The answer is the first line of the listing and every line after it through the one containing "Guest Bedroom with", exact, with pictures removed.

- [RECORD SET]:
━━━━

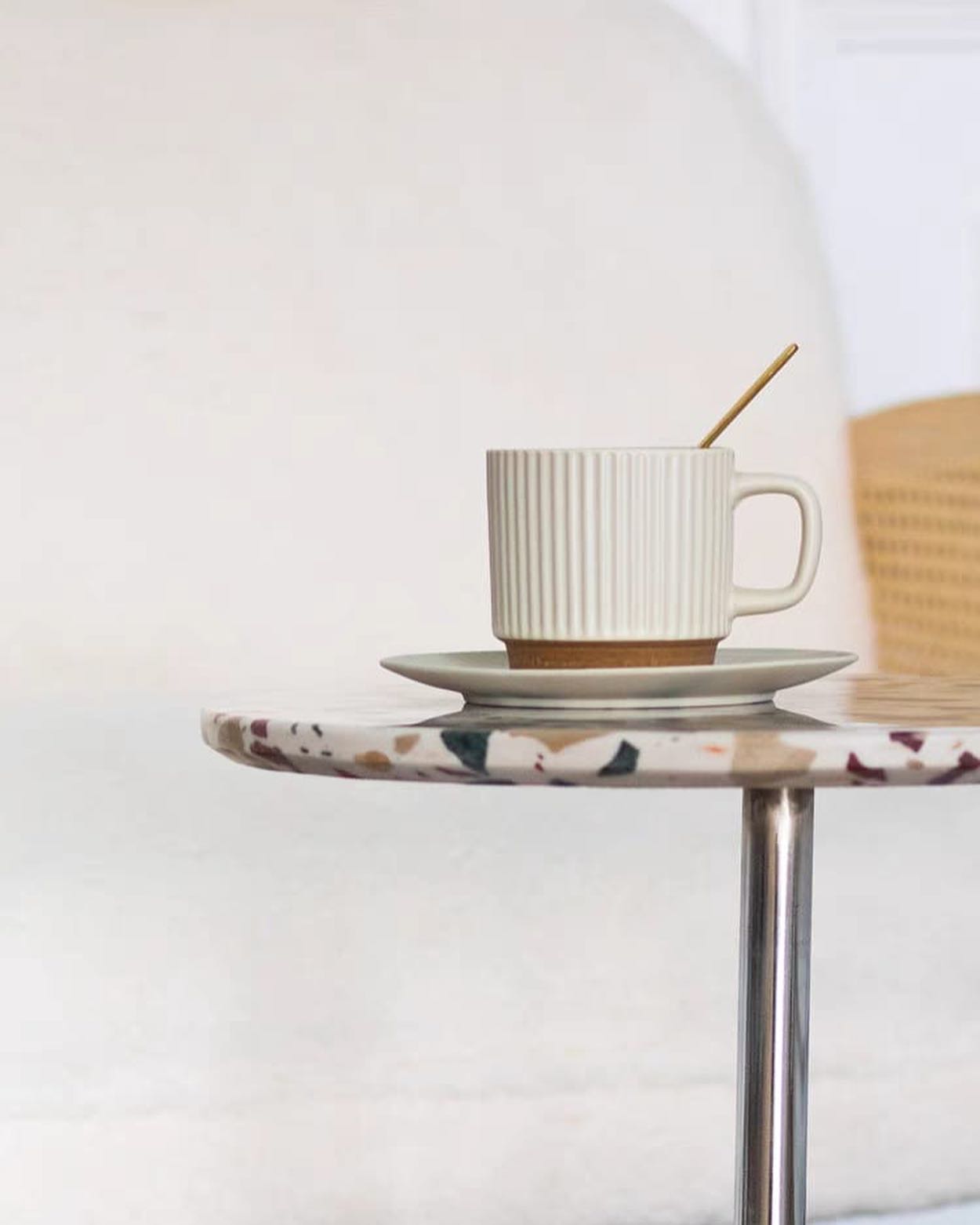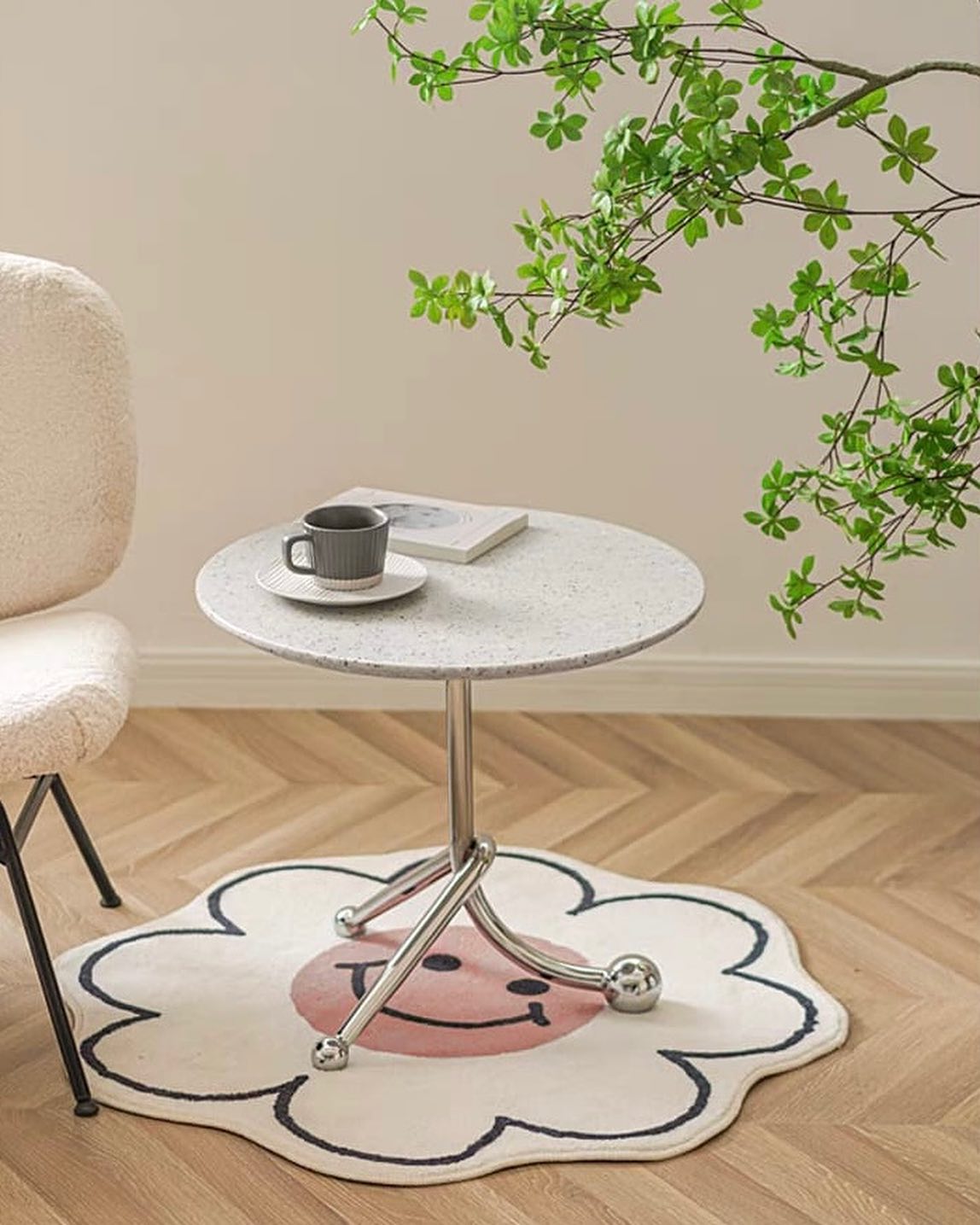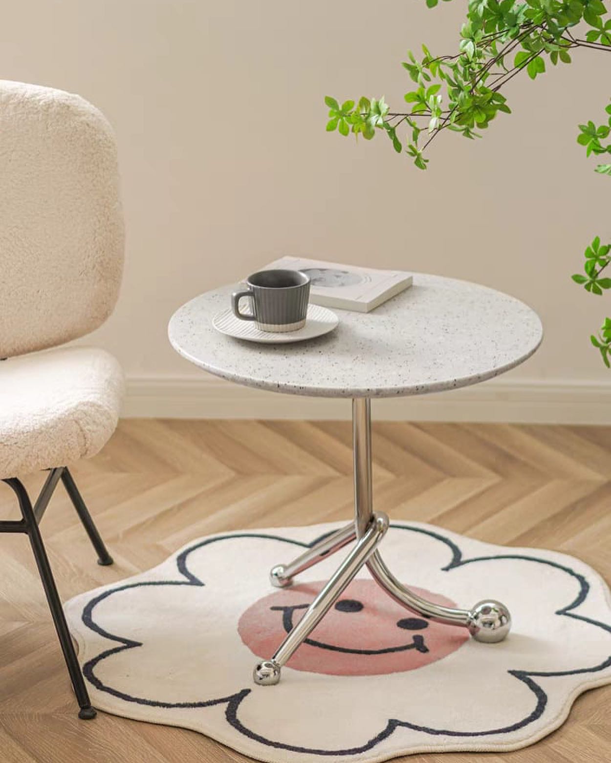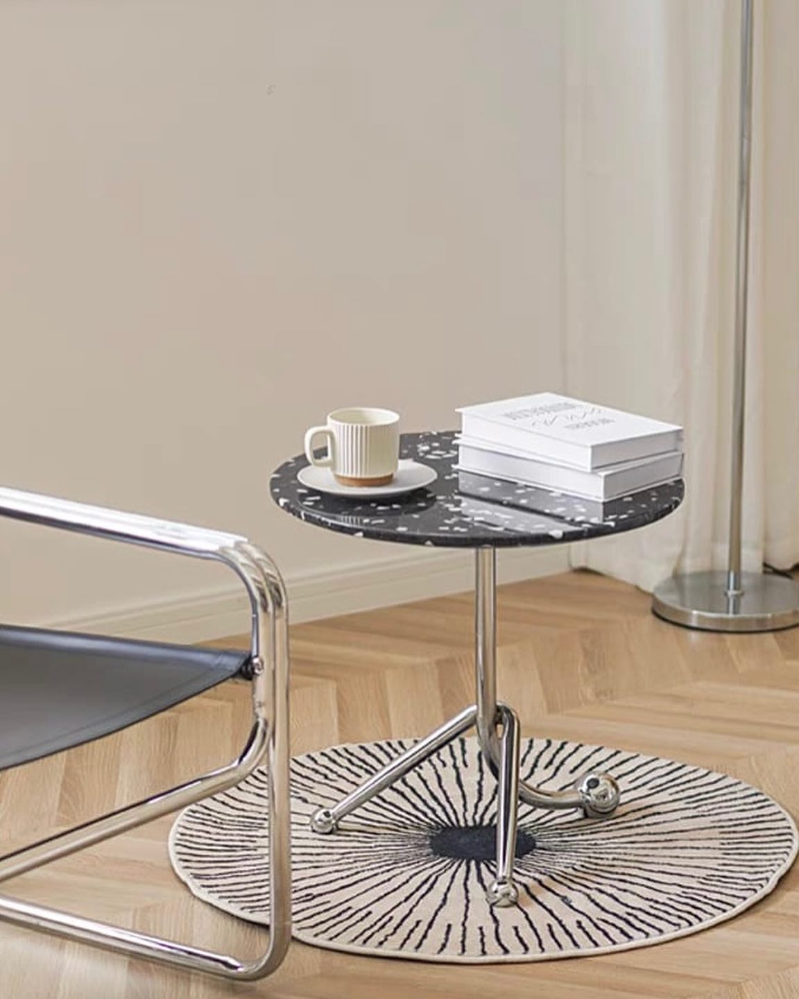 Стильные приставные дизайнерские столики Monsterior Shop. Очаровательная столешница из терраццо, подстолье – нержавеющая сталь. Премиум-качество. Отличное решение для современного интерьера гостиной или спальни.
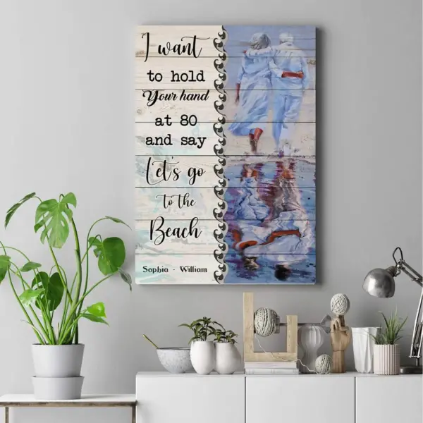 Personalized I Want To Hold Your Hand At 80 And Say Let S Go To The Beach Poster Canvas Gift For Lover Family Canvas Home Decor
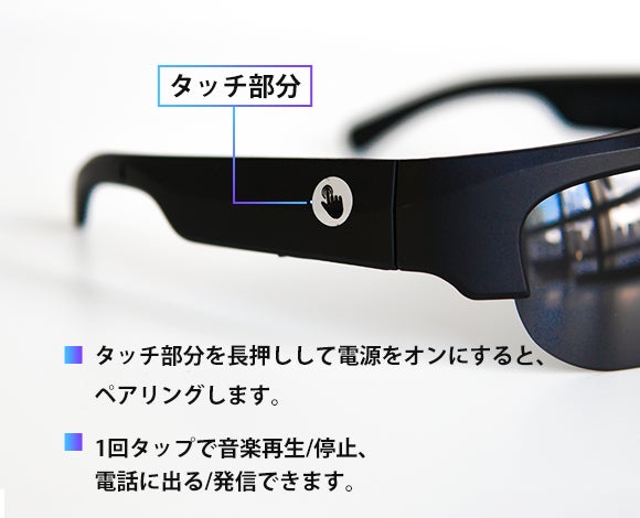 右側のフレームのタッチ部分を長押しすると、Bluetoothイヤホンが起動し、スマホとすばやくペアリングできます。
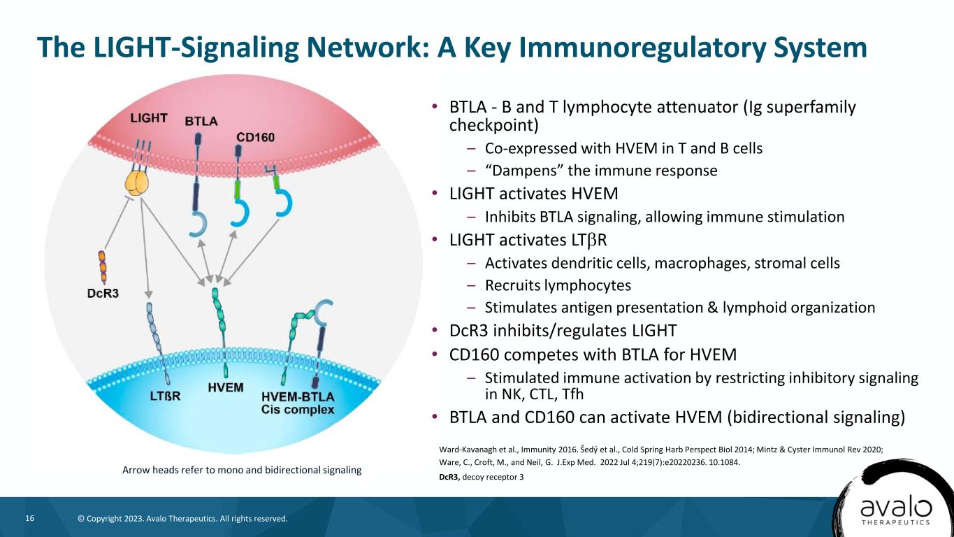 15 © Copyright 2023. Avalo Therapeutics. All rights reserved. LIGHT-Signaling Network & AVTX-008 BTLA agonist fusion protein
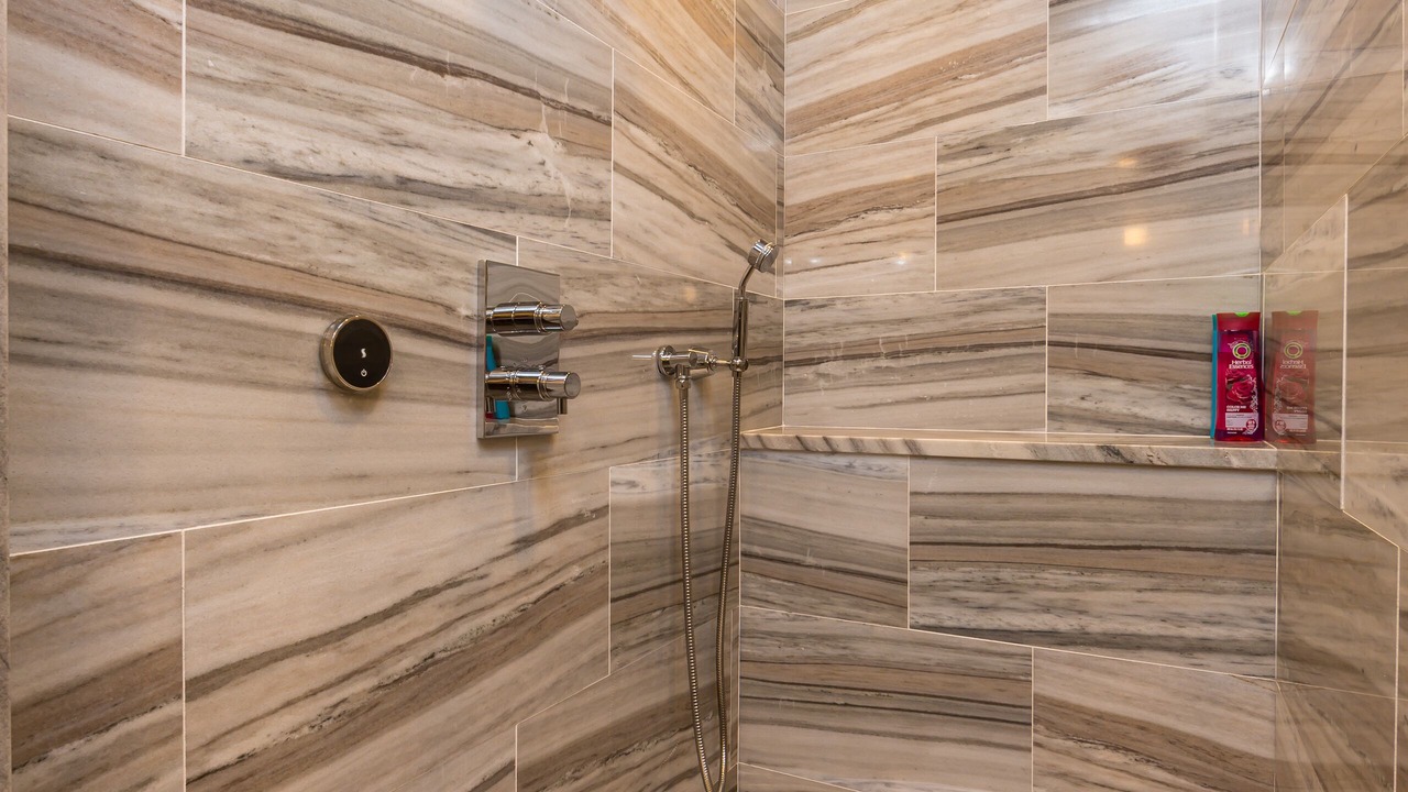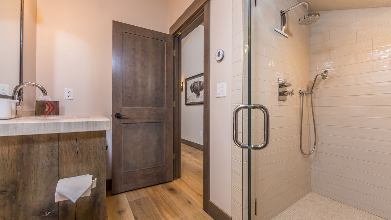 Guest Bedroom with Queen Bed and En Suite with single vanity and walk-in steam shower
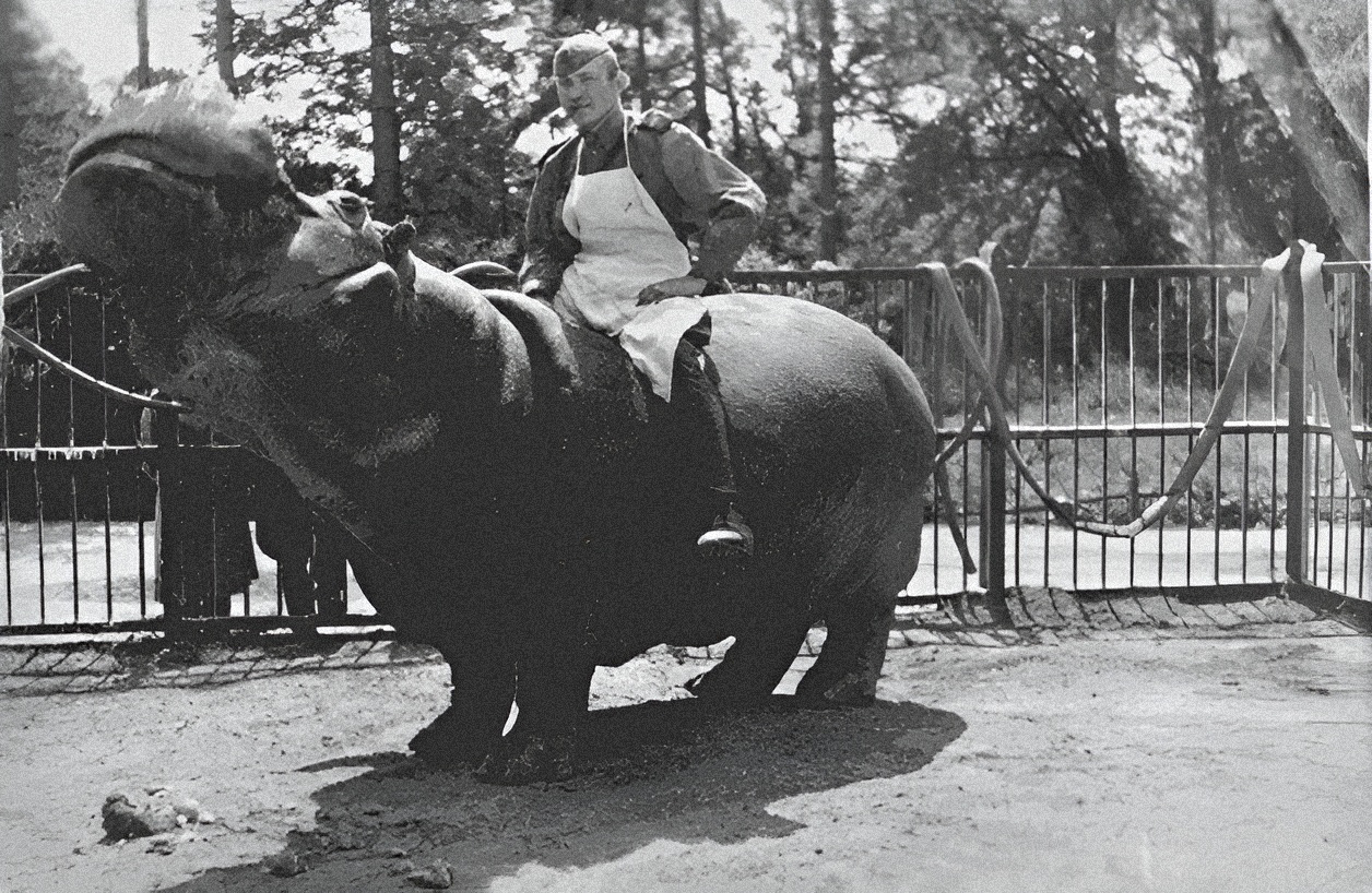 Полковник Василий Теслин, командированный в помощь военному коменданту города, был очевидцем непростой истории отношений людей и бегемота Ганса. Позднее он вспоминал, как однажды беседовал с приехавшими представителями Академии наук, озабоченными сохранением культурных ценностей. Тут влетел шофер Семен: «В зоопарке стрельба! Наши за зверьем гоняются... Сейчас собираются мочить какую-то свинью... Она в луже лежит, огромная, раза в три больше дивана. Хрюкает! Морда — во! На Геринга похожа. Наши как раз ей трибунал зачитывают, щас будут расстреливать по законам военного времени!»

━━━━

- [WRITTEN RESPONSE]:
 Стильные приставные дизайнерские столики Monsterior Shop. Очаровательная столешница из терраццо, подстолье – нержавеющая сталь. Премиум-качество. Отличное решение для современного интерьера гостиной или спальни.
 Personalized I Want To Hold Your Hand At 80 And Say Let S Go To The Beach Poster Canvas Gift For Lover Family Canvas Home Decor
 右側のフレームのタッチ部分を長押しすると、Bluetoothイヤホンが起動し、スマホとすばやくペアリングできます。
 15 © Copyright 2023. Avalo Therapeutics. All rights reserved. LIGHT-Signaling Network & AVTX-008 BTLA agonist fusion protein
 Guest Bedroom with Queen Bed and En Suite with single vanity and walk-in steam shower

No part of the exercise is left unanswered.